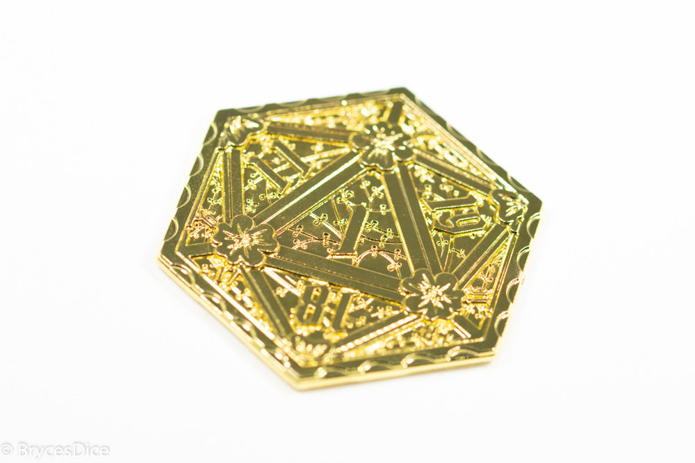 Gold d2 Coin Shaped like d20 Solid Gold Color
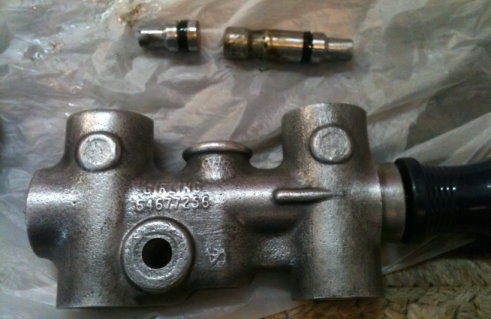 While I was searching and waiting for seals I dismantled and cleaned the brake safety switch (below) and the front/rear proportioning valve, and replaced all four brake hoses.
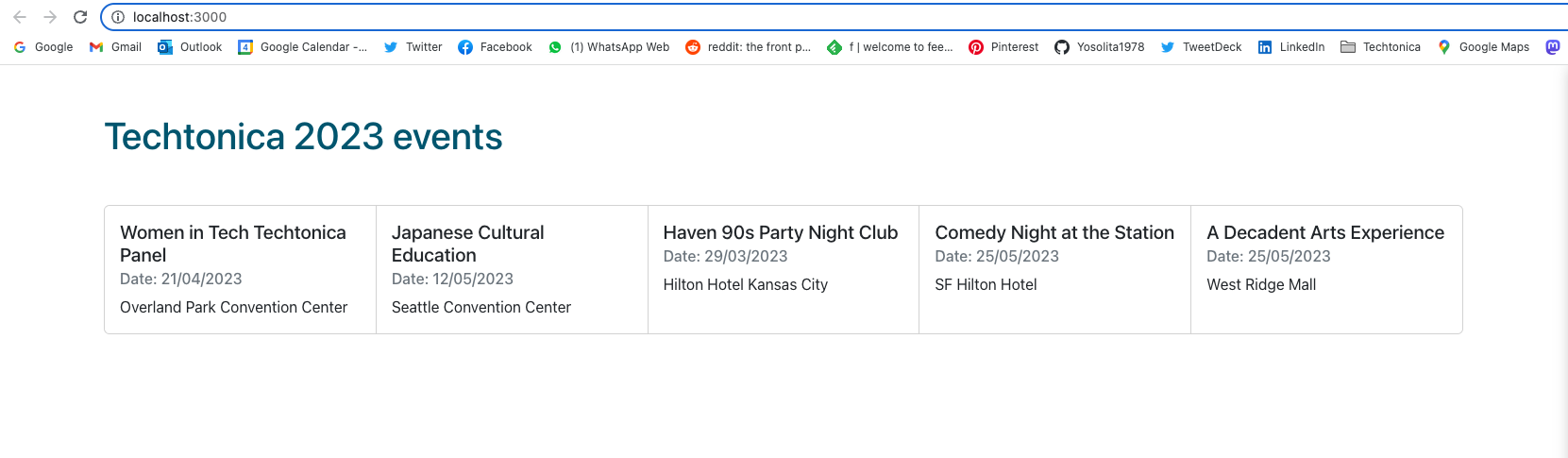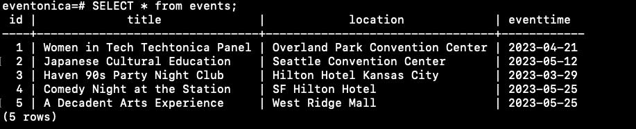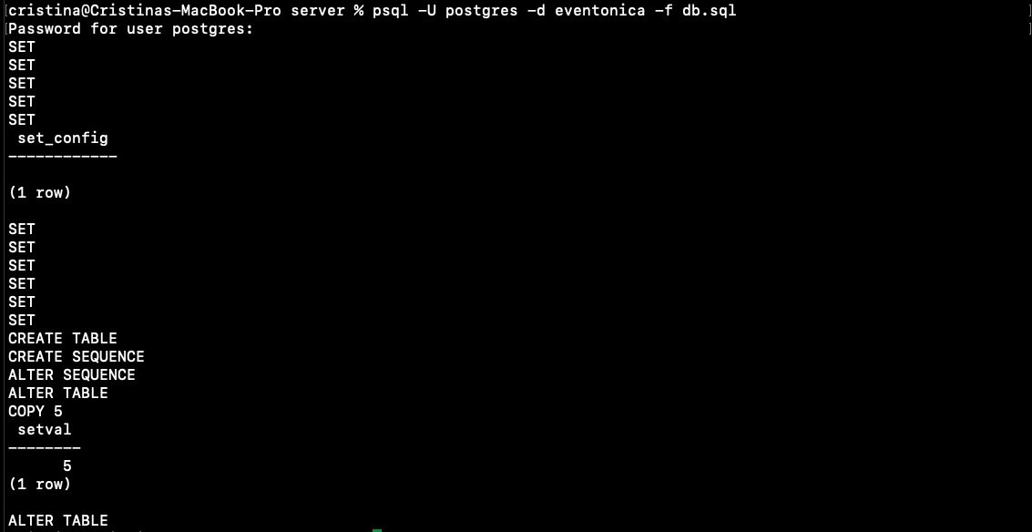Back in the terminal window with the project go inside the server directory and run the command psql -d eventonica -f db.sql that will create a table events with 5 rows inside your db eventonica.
--
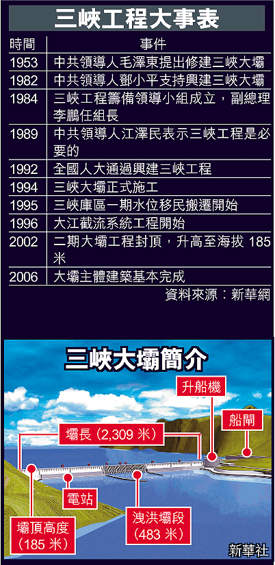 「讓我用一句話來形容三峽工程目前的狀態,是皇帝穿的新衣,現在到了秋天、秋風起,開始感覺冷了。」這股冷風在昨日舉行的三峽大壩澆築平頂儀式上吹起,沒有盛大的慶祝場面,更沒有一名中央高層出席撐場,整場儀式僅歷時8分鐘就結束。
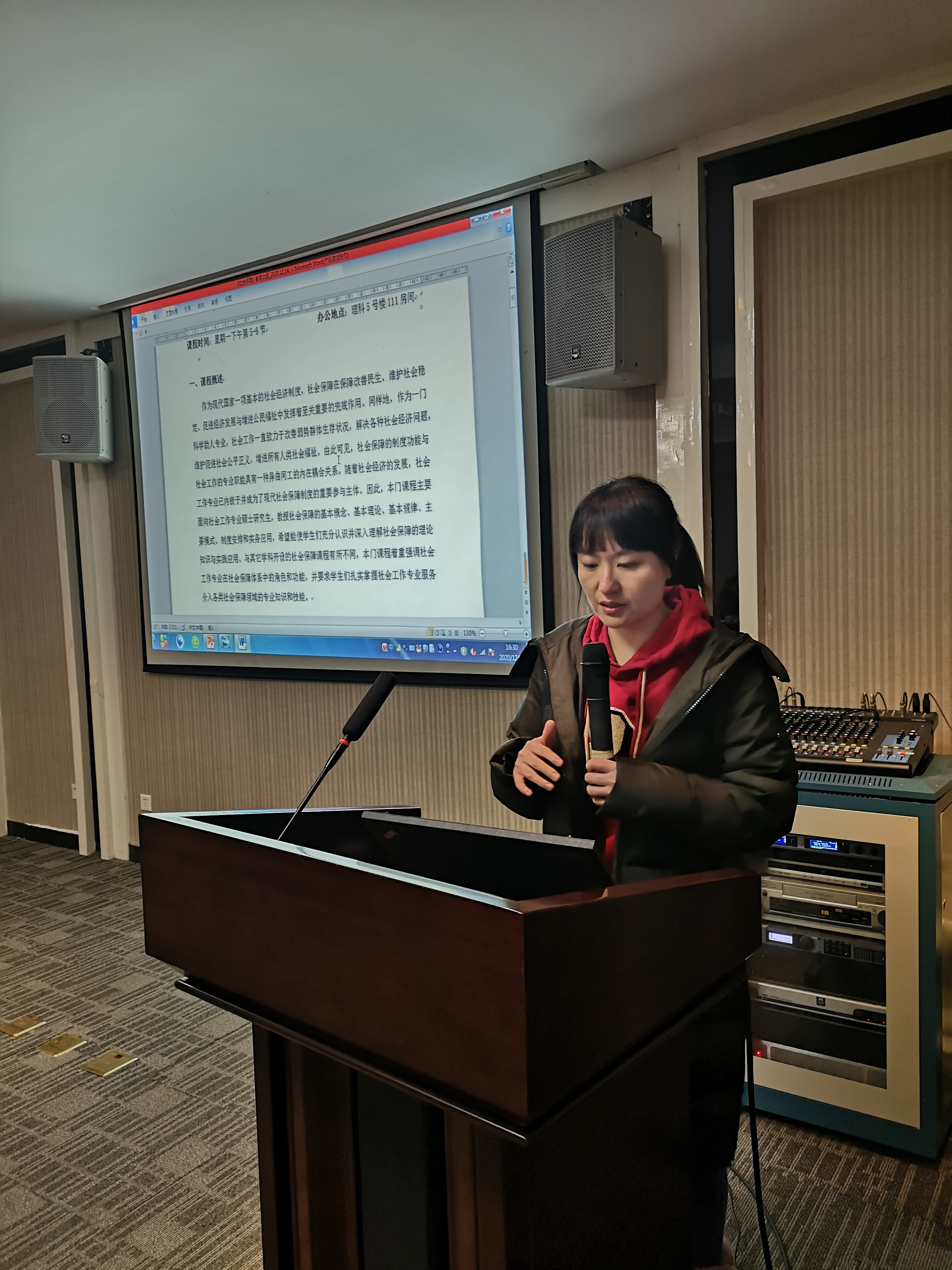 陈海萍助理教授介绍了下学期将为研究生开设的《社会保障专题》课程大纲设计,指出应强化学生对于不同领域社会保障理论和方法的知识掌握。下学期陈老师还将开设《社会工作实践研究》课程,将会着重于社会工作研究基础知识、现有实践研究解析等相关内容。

### YOUR ASSIGNMENT:
Using the records above, repeat exactly the run of lines that starts with the line with "Gold d2 Coin" and goes on through the line with "Back in the"; omit each picture.

### YOUR SOLUTION:
 Gold d2 Coin Shaped like d20 Solid Gold Color
 While I was searching and waiting for seals I dismantled and cleaned the brake safety switch (below) and the front/rear proportioning valve, and replaced all four brake hoses.
Back in the terminal window with the project go inside the server directory and run the command psql -d eventonica -f db.sql that will create a table events with 5 rows inside your db eventonica.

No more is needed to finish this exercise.